Quel jugement pense-t-on qu’eussent porté de pareils observateurs sur l’enfant trouvé en 1694, dont j’ai déjà parlé ci-devant, qui ne donnoit aucune marque de raison, marchoit sur ses pieds & sur ses mains, n’avoit aucun langage & formoit des sons qui ne ressembloient en rien à ceux d’un homme. Il fut long-tems, continue le même philosophe qui me fournit ce fait, avant de pouvoir proférer quelques paroles, encore le fit-il d’une maniere barbare. Aussi-tôt qu’il put parler, on l’interrogea sur son premier état, mais il ne s’en souvint non plus que nous nous souvenons de ce qui nous est arrivé au berceau.
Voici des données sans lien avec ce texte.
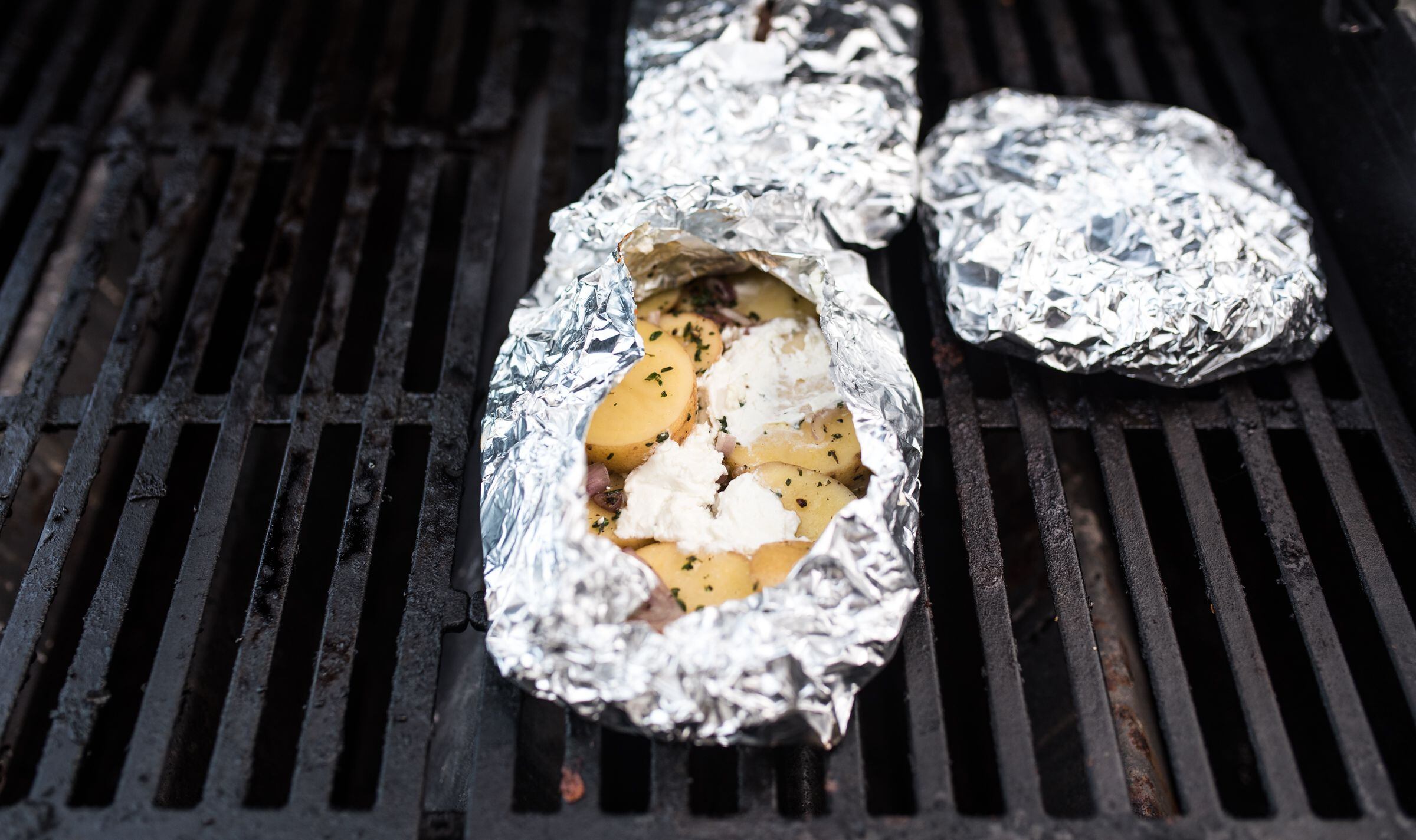 Because you never really know how long you may have to grill (uncooperative weather, eager grillers lining up to take over your space), plan to minimize the time you need on the grill. This means avoiding fussy grilled sides in favor of those that will fit into the time it takes to cook your main course. For instance, tin-foil-pocketed potatoes from Food 52’s Any Night Grilling cookbook can be fully prepped in advance. Then, by the time you’re at the grill, all that’s left to do is place the packets on the fire and let them cook over indirect heat.

Si malheureusement pour lui cet enfant fût tombé dans les mains de nos voyageurs, on ne peut douter qu’apres avoir remarqué son silence & sa stupidité, ils n’eussent pris le parti de le renvoyer dans les bois ou de l’enfermer dans une ménagerie ; après quoi ils en auroient savamment parlé dans de belles relations, comme d’une bête fort curieuse qui ressembloit assez à l’homme.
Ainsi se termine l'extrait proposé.